Parameter optimizing method of neural network and computing apparatus
A parameter optimizing method of a neural network and a computing apparatus are provided. A shared filter is obtained, and the shared filter includes multiple shared weights. Those shared weights are assigned to multiple sub-filters. Each sub-filter corresponds to one of multiple channels. Each sub-filter includes multiple sub-weights. The size of each sub-filter is smaller than or equal to the size of the shared filter. The sub-weights of each sub-filter are generated according to the assigned shared weight. The sub-filters of those channels are used to be computed with one or more pieces of input data respectively. Thereby, checkerboard artifacts may be reduced or avoided.

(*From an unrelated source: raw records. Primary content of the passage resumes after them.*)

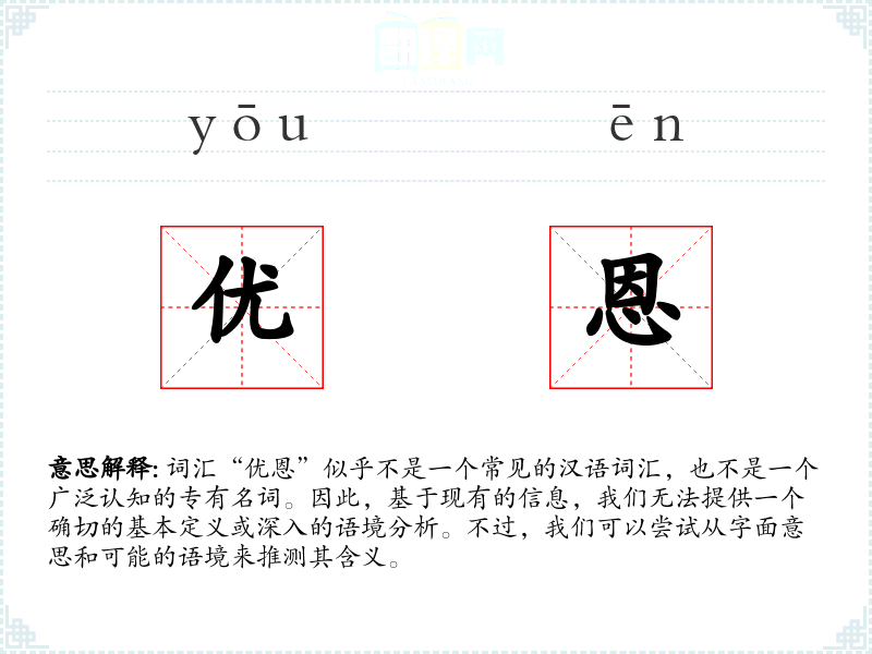 如果“优恩”是一个合成词,它可能由“优”和“恩”两个字组成。在中文中,“优”通常表示优秀、优良,而“恩”则表示恩惠、恩典。结合起来,“优恩”可能指的是一种优秀的恩惠或恩典。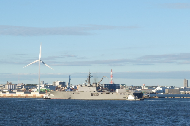 横浜港に自衛艦が入稿してましたが、番号からすると 輸送艦「くにさき」ですかね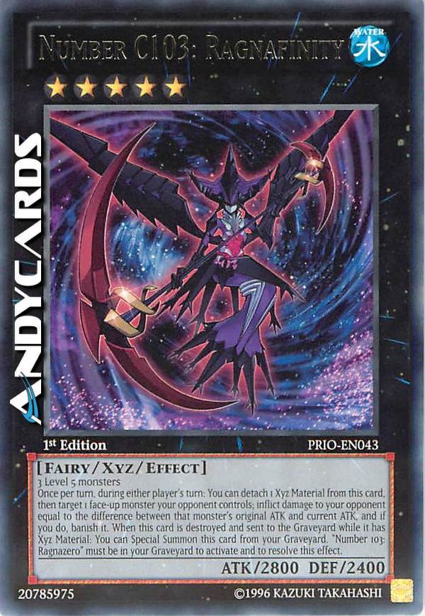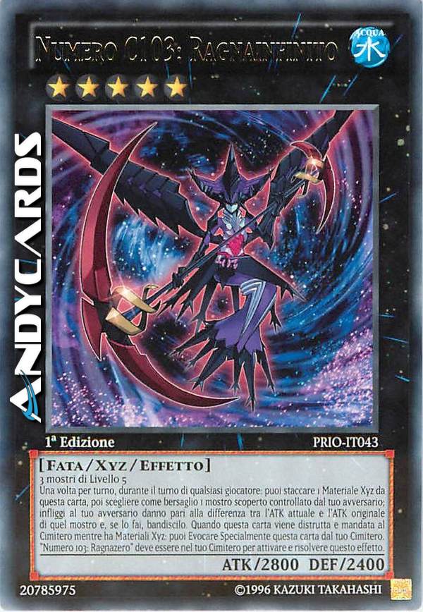 Una volta per turno durante il turno di qualsiasi giocatore : puoi staccare 1 materiale Xyz da questa carta, poi scegliere come bersaglio 1 mostro scoperto controllato dal tuo avversario infliggi al tuo avversario danno pari alla differenza di ATK attuale e l'ATK originale di quel mostro e, se lo fai, bandiscilo. Quando questa carta viene distrutta e mandata al Cimitero mentre ha Materiali Xyz: puoi Evocare Specialmente questa carta dal tuo Cimitero. "Numero 103: Ragnazero" deve essere nel tuo Cimitero per attivare e risolvere questo effetto.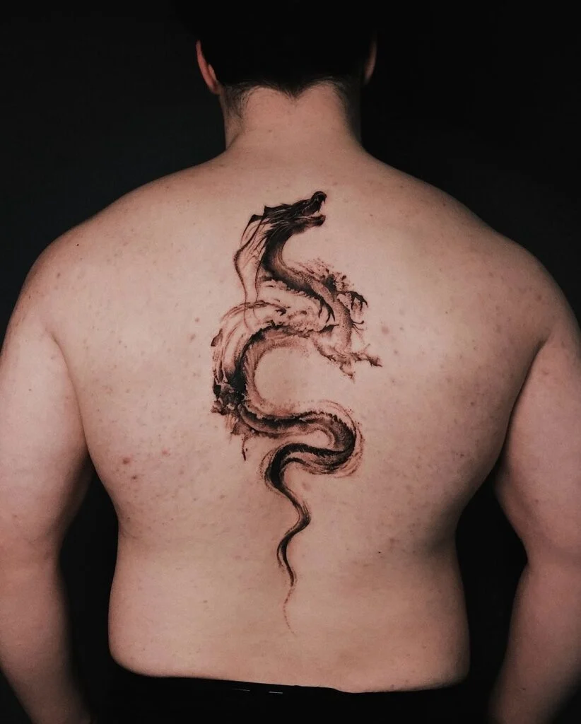 This tattoo flows down the spine with the elegance of an ink-wash painting, portraying a dragon in motion.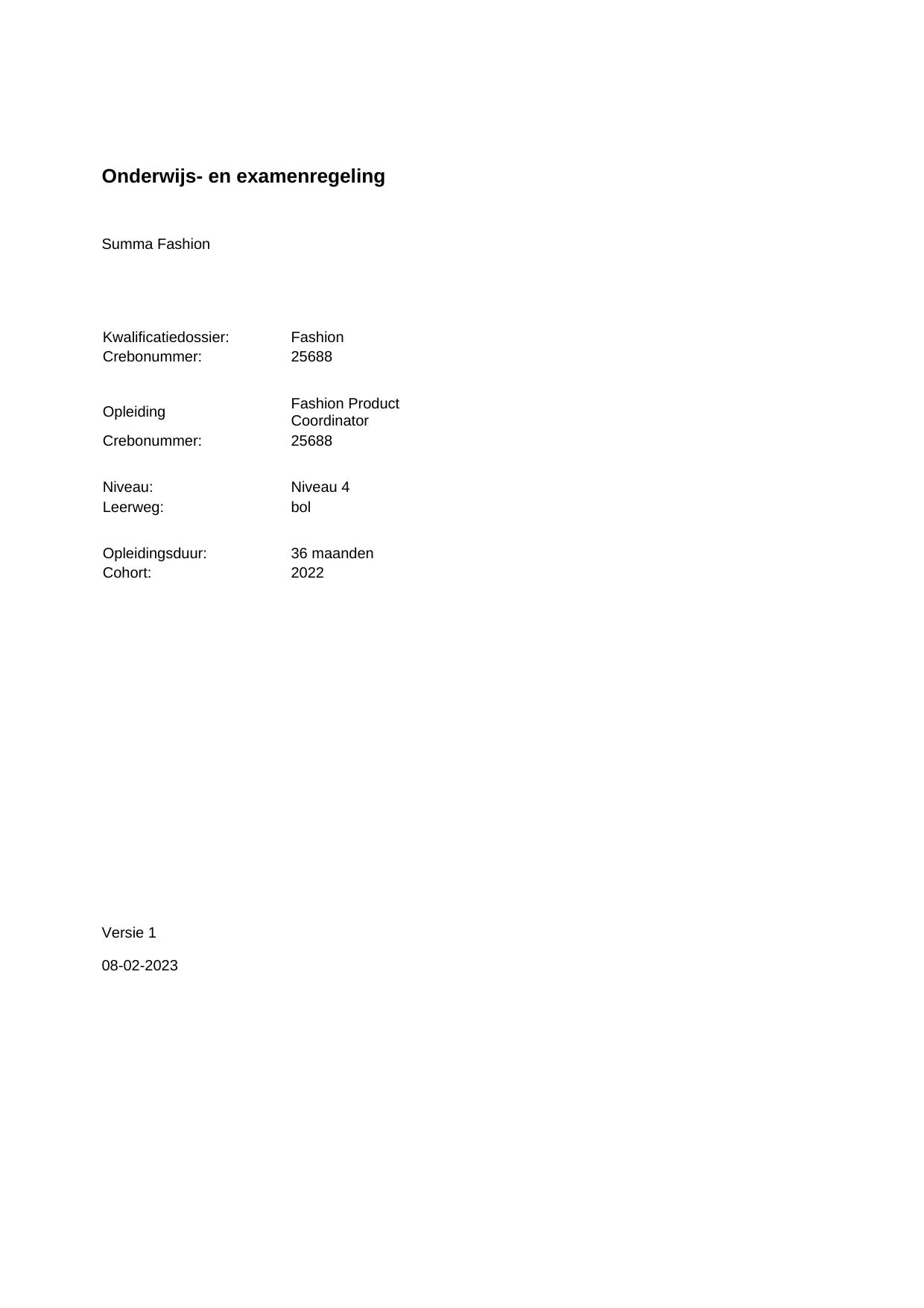 Fashion Product Coordinator 25688BOL36.01 in cohort 2022-2023

1 . A parameter optimizing method of a neural network, comprising:
obtaining a shared filter, wherein the shared filter comprises a plurality of shared weights;
assigning the shared weights to a plurality of sub-filters, wherein each of the sub-filters corresponds to one of a plurality of channels, each of the sub-filters comprises a plurality of sub-weights, and a size of each of the sub-filters is smaller than or equal to a size of the shared filter;
generating the sub-weights of each of the sub-filters according to assigned shared weights; and
performing a computation with at least one input data by using the sub-filters of the channels respectively.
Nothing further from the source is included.